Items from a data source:
- Opening Delimiter -
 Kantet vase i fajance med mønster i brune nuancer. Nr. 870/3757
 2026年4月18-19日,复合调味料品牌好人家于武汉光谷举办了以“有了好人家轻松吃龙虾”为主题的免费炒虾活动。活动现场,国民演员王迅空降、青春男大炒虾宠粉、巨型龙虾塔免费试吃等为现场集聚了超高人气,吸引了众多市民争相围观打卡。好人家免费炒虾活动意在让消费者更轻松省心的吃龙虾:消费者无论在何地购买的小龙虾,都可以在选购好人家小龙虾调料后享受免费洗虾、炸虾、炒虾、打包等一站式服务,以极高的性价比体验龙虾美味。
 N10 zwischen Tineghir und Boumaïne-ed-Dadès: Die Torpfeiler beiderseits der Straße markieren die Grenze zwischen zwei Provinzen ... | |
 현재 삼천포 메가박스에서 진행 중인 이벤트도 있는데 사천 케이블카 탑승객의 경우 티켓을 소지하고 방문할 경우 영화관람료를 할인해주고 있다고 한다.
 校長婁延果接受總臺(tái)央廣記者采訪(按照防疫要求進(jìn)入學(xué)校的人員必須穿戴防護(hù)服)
- Closing Delimiter -
● Try it: Every line from the one containing "2026年4月18-19日,复合调味料品" through the last line of the entries must be written out verbatim, and no other line.

● Exercise solution:
 2026年4月18-19日,复合调味料品牌好人家于武汉光谷举办了以“有了好人家轻松吃龙虾”为主题的免费炒虾活动。活动现场,国民演员王迅空降、青春男大炒虾宠粉、巨型龙虾塔免费试吃等为现场集聚了超高人气,吸引了众多市民争相围观打卡。好人家免费炒虾活动意在让消费者更轻松省心的吃龙虾:消费者无论在何地购买的小龙虾,都可以在选购好人家小龙虾调料后享受免费洗虾、炸虾、炒虾、打包等一站式服务,以极高的性价比体验龙虾美味。
 N10 zwischen Tineghir und Boumaïne-ed-Dadès: Die Torpfeiler beiderseits der Straße markieren die Grenze zwischen zwei Provinzen ... | |
 현재 삼천포 메가박스에서 진행 중인 이벤트도 있는데 사천 케이블카 탑승객의 경우 티켓을 소지하고 방문할 경우 영화관람료를 할인해주고 있다고 한다.
 校長婁延果接受總臺(tái)央廣記者采訪(按照防疫要求進(jìn)入學(xué)校的人員必須穿戴防護(hù)服)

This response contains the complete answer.